I still do it nominally on behalf of dc, although it's pretty obvious who has bought and paid for the present. Ditto for ex-PIL. DC are now old enough to choose something themselves, but don't have money of their own. I'm not sure what I will do once they're properly grown up, but probably stop. I wouldn't see any harm in it if you get on though.

Miajk · 08/12/2022 12:12

Flakjacketon · 08/12/2022 11:23

Thank you to everyone who has responded. To address some points that have been raised:

I agree that when DC were younger it did signify that we didn't hate each other but it wasn't difficult to do because there wasn't any abuse or affair.

I don't exchange anything expensive or sentimental but I do try to be thoughtful to him and his wife.

We have eaten out together before he remarried, but DH and I find the 'new' Mrs ex a bit full on so we have rowed back on that but I am still polite and buy her a gift at Christmas.

I am quite happy to carry on as I don't spend a lot and it would seem odd to stop now after so many years.

I think it's lovely.

I'm grown, my parents divorced when I was a teen.

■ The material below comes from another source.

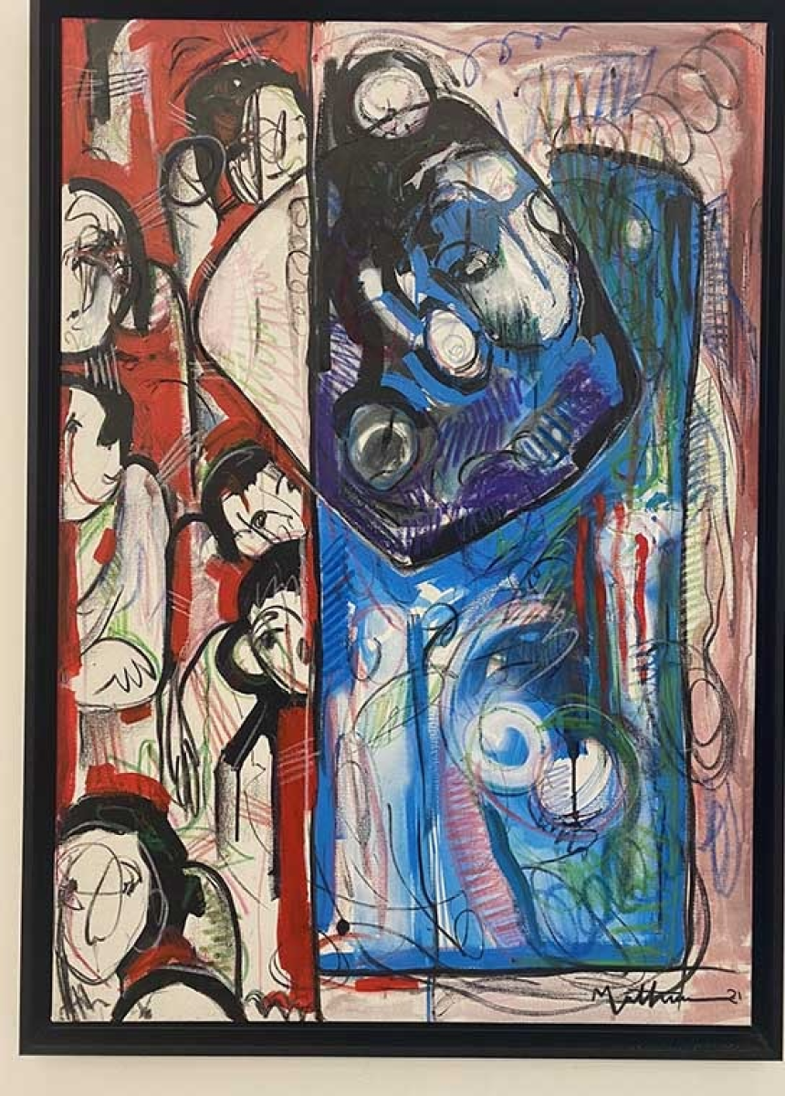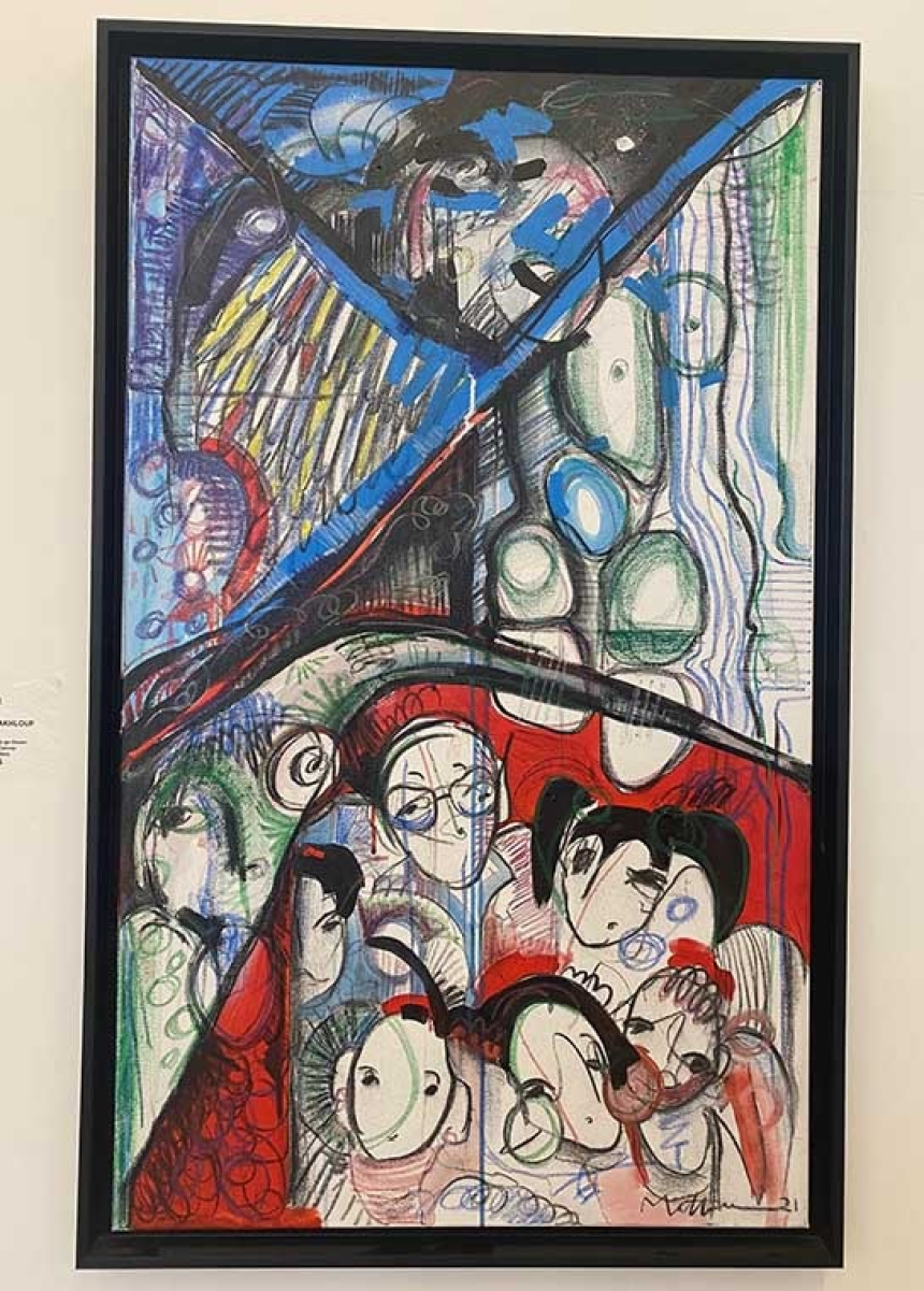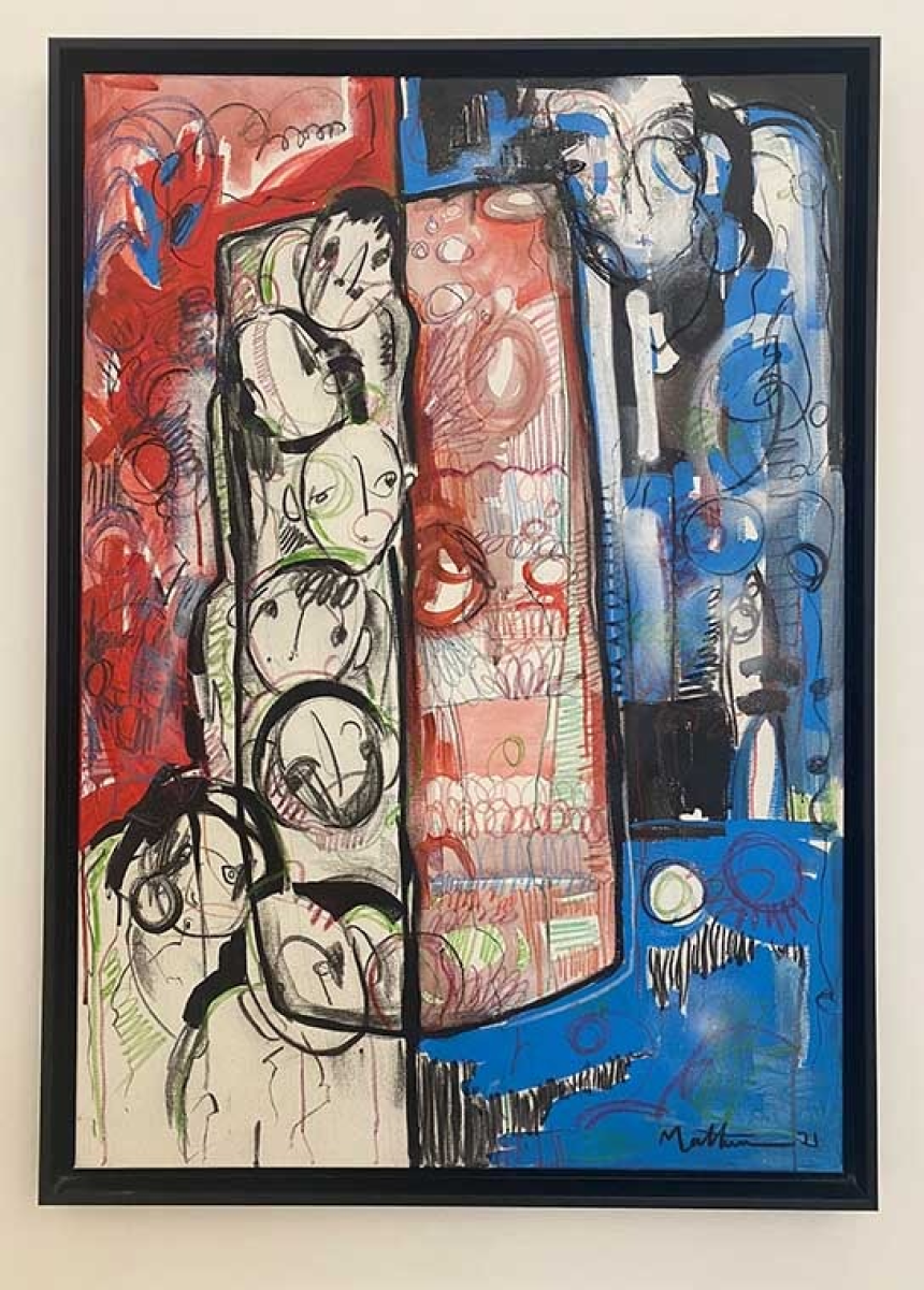 Les enfants se cachent des adultes pour mieux voir le monde et vivre avec joie et insouciance. Mathieu Makhlouf écrit ceci sur des toiles où le rouge et le bleu prédominent, encadrant des silhouettes cernées souvent en noir, aux pastels à l'huile.

They are capable of having meals together, do small things for each other, etc. I think it's really nice.

At one point in time we were a family, and their relationship now makes me feel like while they're not married, we are still a family unit.

Trying to turn your ex into a stranger is werid IMO. being married, living together, having children and then deciding to treat the person like a stranger is very bizarre and when people act like it's normal I can't understand it.